3.12.08 Reviews (Part 2)
DMZ #29 (DC/Vertigo): Wood’s allusion to surge tactics, manufactured stabilization, staged elections, and the role of the UN are all relevant and poignant observations that you can correlate to current events. While the text box narration used to describe the development of the cease fire talks are a bit of an expository cheat, reminding me of the spinning newspaper headlines used in movies to quickly get information across, they’re really offset by the superb nature of the total package. Wood gives us a charismatic, young, urban, ethnic iconoclast – the opening shots (pun intended) take on so much more meaning once the preceding story elements are laid down. Burchielli’s pencils continue to impress with their depth and clarity, and a gritty but polished aesthetic perfectly capturing the tone of the series. Grade A.
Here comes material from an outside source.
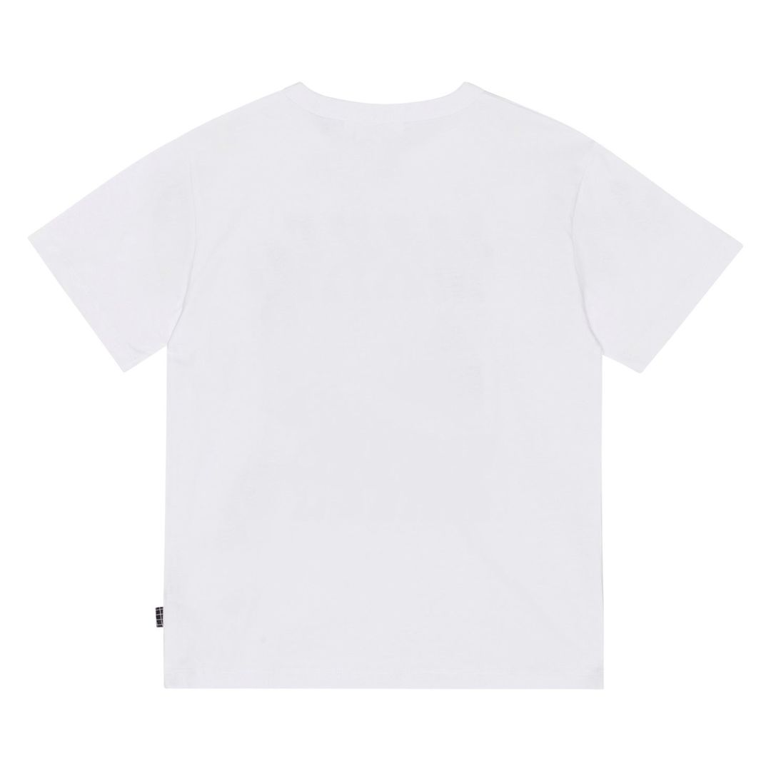 Белая футболка из 100% органического хлопка с принтом на передней стороне. На принте изображен остров с пальмами, видимый со стороны океана. На нем большие волны и слова «Make Waves». У Riley круглый вырез с ребристым краем и свободный крой.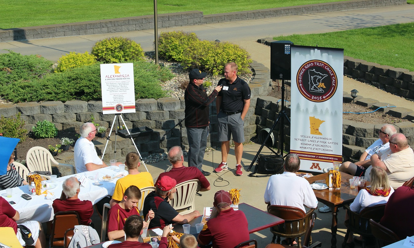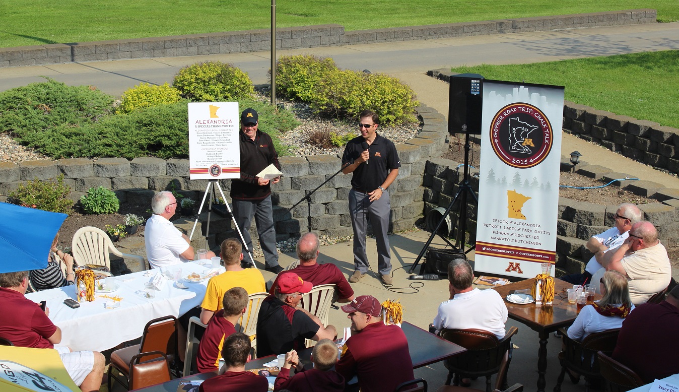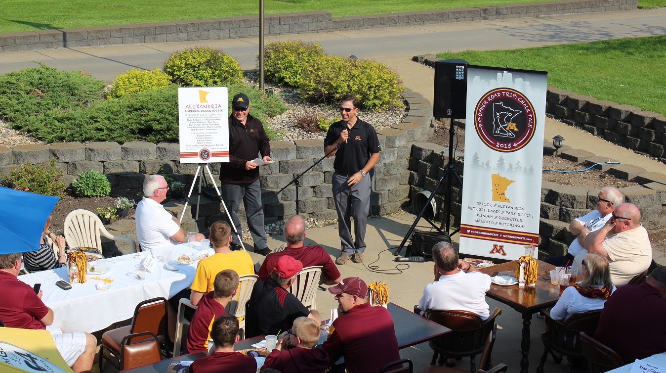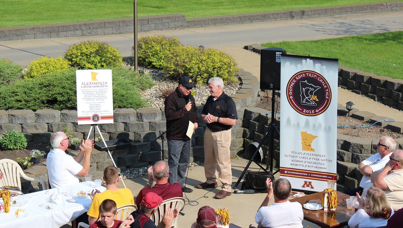 [Athletic Director Norwood Teague leads off the program and introduces the coaches – here assistant football coach Tracy Claeys.]

Abe Sapien: The Drowning #2 (Dark Horse): Alexander’s art is beautiful; topping it off with Dave Stewart’s colors, particularly the gorgeous yellow hues and earth tones, is just icing on the cake. I did enjoy the routine demeanor of the BPRD Agents, their feeling that nothing exciting ever happens, it’s just a job, and if Hellboy’s not around, even they think it’s kinda’ monotonous. Either nothing exciting happened this issue or I’m just getting tired of all this monster business. The titles in this universe are consistently well executed, but they never blow me away. Grade B.
BPRD: 1946 #3 (Dark Horse): Hard core Hellboy and BPRD fans must be eating this up. Never before has there been such consistent delivery of Mignola-verse projects than Dark Horse has been able to put out in the last few years. Are you waiting for the “but?” But… yeah, I’m getting tired of all this monster business. I like the notion of the inmates literally taking over the asylum here, the Nazi experimental vats are truly creepy, but I just find the whole endeavor a bit difficult to engage with. The mission parameters are obtuse, there’s random flying owls and mysterious demonic appearances that go largely un-commented on, and I just find it hard to care all that much anymore. Perhaps I’ve outgrown Hellboy/BPRD, or it’s outgrown me. Azaceta’s art appears flat, with no depth, and is not aided by the heavy dark inks required by the tone of the story, two competing systems pulling at each other. Grade B-.
The Lone Ranger & Tonto #1 (Dynamite Entertainment): At first glance, the art of Mario Guevara hits you with the sketchy pencil lines of Leinil Francis Yu, but then you start to notice how stiff and awkward the lines are. They have a cold and clinical feel, not the warm earthiness needed to serve these types of stories. There are odd human poses, distorted features, and skewed anatomical proportions of all shapes, sizes, and creatures. Check out the bloated horses, who look like fat cows atop four toothpicks. The panel to panel transitions are just simply not clear. There were at least three instances where I needed to go back and study sequences to try and figure out what happened. The credits list both Brett Matthews and John Abrams on writing chores. Typically, Matthews’ scripts are spot on in terms of dialogue. I’m wondering if he handled the plotting and Abrams is to blame for the actual dialogue which is wooden and needed to be first read aloud before finalized in order to see how it doesn’t flow. There are some crazy leaps in logic, such as “Hey, there’s a shovel here! That means someone must have buried some stuff, because you couldn’t also bury the shovel!” WTF? I think the point of this book was to show that true evil simply exists and can’t be overcome, but even that isn’t very clear. Overall, I think it was probably just too early to spin off; extreme focus needs to be placed on the main title to maintain that level of quality. This was not necessary and not good; an expensive ($4.99) and wasted effort. Grade C-.